I have a black book.

Mine’s nothing like the one Fonzie in “Happy Days” used to carry around and it certainly bears no resemblance to the one former Hollywood madam Heidi Fleiss is said to have kept. It’s probably closer to the NFL’s media directory, which is called the “Black Book.”

My boring black book is 6 in. by 4 in. and has a leather cover. I picked it up during my travels and use it to take notes and write down contact information at industry events. I fi nd its size very convenient for on-the-gotravel and suitable for back pants pocket or inside suit pocket placement. My only problem is I’m down to about 20 blank pages and have no clue where I can get a new one.

The bottom-line commonality with these black books — nefarious uses aside — is they provide an important organizational resource.

How strategic is your company’s long-term vision?

There’s even a black book floating around our industry these days. Longtime former wholesale executive and current industry consultant Brent Grover has written “The Little Black Book of Strategic Planning.”

Grover comes from the family wholesale business. Back in 1914, his grandfather founded National Paper and Packaging Co., which was a distribution company. Grover joined the business after a several-year stint at

Arthur Andersen. When his father died unexpectedly at a young age, Grover and his brother, Jeff, bought out other family members and continued to grow the business until they sold it to a private equity fund in 1999.

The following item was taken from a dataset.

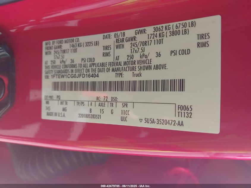 2018 FORD F-150 | 1FTEW1CG0JFD16404

Grover now is managing partner of Evergreen Consulting, serving as a distribution channel adviser on strategic planning, acquisitions, strategic pricing and profitability improvement. The crux of Grover’s message is quite simple. Wholesalers need to have a firm plan of attack in place in terms of long-range focus; but what is in the plan can make a major difference.

“In the last 20 years a lot of wholesale distributors got the message you should have a plan,” Grover tells me.

“Saying you need a bigger computer system or a bigger warehouse or you want to do a better job servicing customers, those are solutions aimed to fix gaps. If you have a lot of gaps to fix you probably are not ready to execute a change in strategic direction. The strategic plan is not really about fixing what is broken.”

Instead Grover stresses having a broader-based view of your company. “The plan is how to get from where you are now to where you want to go,” he says. “Have a strategic plan and then link your annual plans. Do one each for three years and link those each year. What do you need to do in the next year to get you closer to the big goal?”

Grover notes taking a step forward can be as easy as enhancing your sales force. “Go get great salespeople.

Either develop your own or hire good ones from competitors,” he says. “Other strategic initiatives can be opening new branch locations, taking on a new product line or service or making a series of small acquisitions. Those make things happen. In most cases, getting a new computer system or getting a website going is not a strategic initiative. That’s fixing a gap with something customers want you to have, but you don’t have.”

Grover puts a lot of stock in extending that strategic plan to how a company approaches pricing, particularly zeroing in on the optimization of available data. “Use pricing information harvested from your company’s database and analyze that data and develop a strong foundation for consistent, market-driven pricing,” he says.

We all know this industry has gone through tumultuous times over the past few years. A recent flurry of new association financial reports shows the industry continues to make positive recovery strides, but at a little slower pace than anyone would like. You can get a snapshot of those updates in our news section on page 8 and a full rundown of recent ASA, HARDI and Affiliated Distributors reports can be found at www.supplyht.com.

Companies and executives have learned from the economic craziness of the last few years. They’ve come out the recession leaner and better equipped to move forward.

But in this day and age where there are smaller slices of the pie and more people wanting to sample the pie, having your black book filled with a sound business roadmap can be a real game-changer.